Under the previous anti-detriment rules, trustees of a complying superannuation fund were able to increase a lump-sum death benefit by an additional amount (commonly known as an ‘anti-detriment payment’) when a death benefit was paid directly, or indirectly via the estate, to the spouse, former spouse or child of the deceased. Trustees making an anti-detriment payment were entitled to a corresponding tax deduction.

Under the new rules, this tax deduction is no longer available when the member dies on or after July 1, 2017. Therefore, trustees will not be able to make anti-detriment payments in relation to members who die on or after July 1, 2017.

Understanding the transitional rules

It is important to note that a two-year transition period will apply from July 1, 2017 to June 30, 2019. During this period, trustees are able to pay anti-detriment amounts and claim the corresponding tax deduction when they pay lump-sum superannuation death benefits for members who died prior to July 1, 2017.

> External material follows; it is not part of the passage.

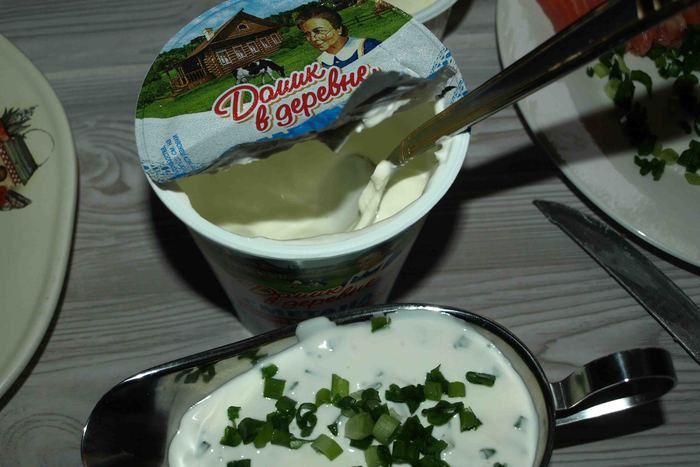 Сметану смешать с зеленым луком, посолить по вкусу.

From July 1, 2019, no tax deductions can be claimed for anti-detriment payments, irrespective of when the member died.

Impact of anti-detriment payment

The removal of the anti-detriment payment will reduce the amount of lump-sum death benefits payable to eligible beneficiaries.

While there are different ways to calculate the anti-detriment amount, it is often equal to 17.65 per cent of the deceased member’s taxable component.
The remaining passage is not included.